## LISTED RECORDS
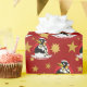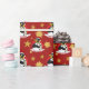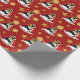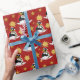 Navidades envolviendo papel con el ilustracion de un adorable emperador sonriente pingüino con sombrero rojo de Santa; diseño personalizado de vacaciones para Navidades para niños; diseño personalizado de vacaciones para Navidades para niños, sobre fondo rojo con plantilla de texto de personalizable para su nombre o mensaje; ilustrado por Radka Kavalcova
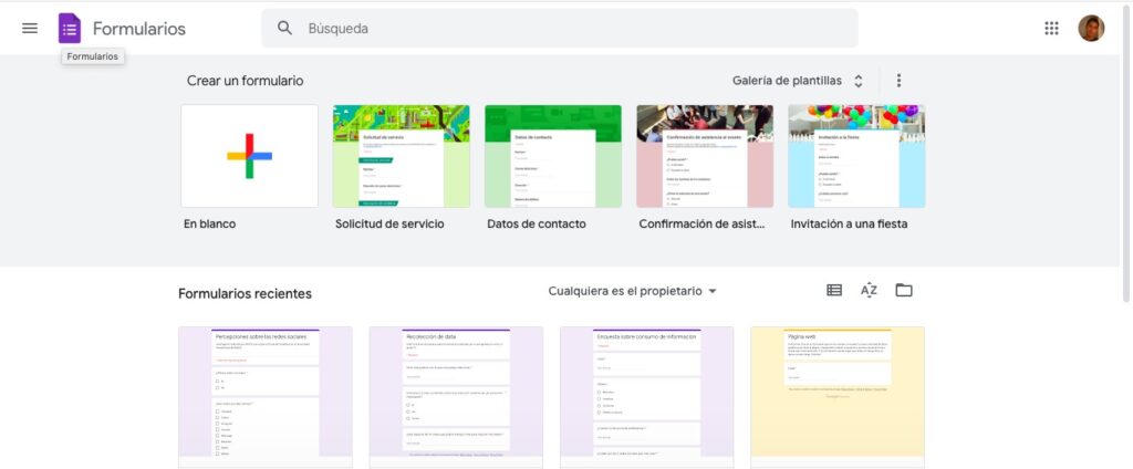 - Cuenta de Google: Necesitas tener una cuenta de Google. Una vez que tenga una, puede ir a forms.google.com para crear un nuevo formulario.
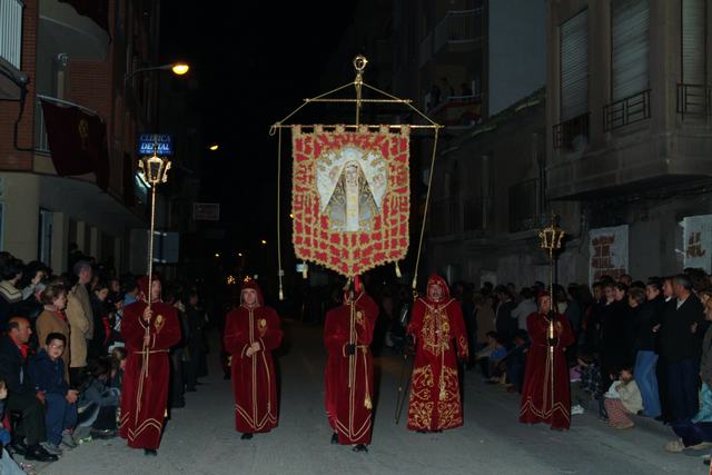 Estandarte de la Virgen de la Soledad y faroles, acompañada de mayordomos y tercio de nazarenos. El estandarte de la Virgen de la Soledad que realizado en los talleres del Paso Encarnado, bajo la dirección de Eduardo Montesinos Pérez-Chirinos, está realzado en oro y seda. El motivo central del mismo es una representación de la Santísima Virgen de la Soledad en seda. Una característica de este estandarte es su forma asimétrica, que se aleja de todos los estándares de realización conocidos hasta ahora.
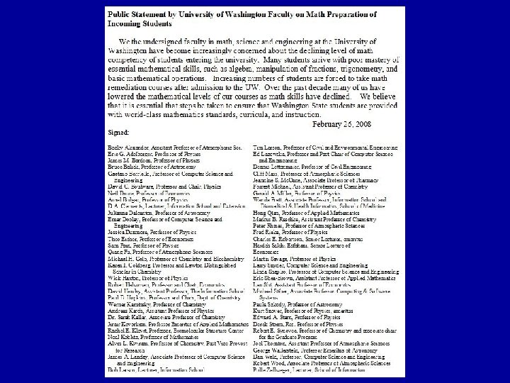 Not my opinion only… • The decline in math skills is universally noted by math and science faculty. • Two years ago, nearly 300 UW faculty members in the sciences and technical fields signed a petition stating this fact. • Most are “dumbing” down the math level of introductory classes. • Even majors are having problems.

* * *

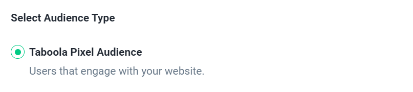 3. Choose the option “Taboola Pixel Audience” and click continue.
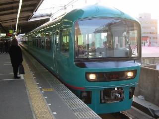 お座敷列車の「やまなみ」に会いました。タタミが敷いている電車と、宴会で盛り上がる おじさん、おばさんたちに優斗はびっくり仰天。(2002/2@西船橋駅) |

## WHAT IS BEING ASKED
For the data above, set down exactly the lines from the line with "Navidades envolviendo papel" to the line with "Not my opinion", both included, leaving pictures out.

## RESULT OF THIS EXERCISE
 Navidades envolviendo papel con el ilustracion de un adorable emperador sonriente pingüino con sombrero rojo de Santa; diseño personalizado de vacaciones para Navidades para niños; diseño personalizado de vacaciones para Navidades para niños, sobre fondo rojo con plantilla de texto de personalizable para su nombre o mensaje; ilustrado por Radka Kavalcova
 - Cuenta de Google: Necesitas tener una cuenta de Google. Una vez que tenga una, puede ir a forms.google.com para crear un nuevo formulario.
 Estandarte de la Virgen de la Soledad y faroles, acompañada de mayordomos y tercio de nazarenos. El estandarte de la Virgen de la Soledad que realizado en los talleres del Paso Encarnado, bajo la dirección de Eduardo Montesinos Pérez-Chirinos, está realzado en oro y seda. El motivo central del mismo es una representación de la Santísima Virgen de la Soledad en seda. Una característica de este estandarte es su forma asimétrica, que se aleja de todos los estándares de realización conocidos hasta ahora.
 Not my opinion only… • The decline in math skills is universally noted by math and science faculty. • Two years ago, nearly 300 UW faculty members in the sciences and technical fields signed a petition stating this fact. • Most are “dumbing” down the math level of introductory classes. • Even majors are having problems.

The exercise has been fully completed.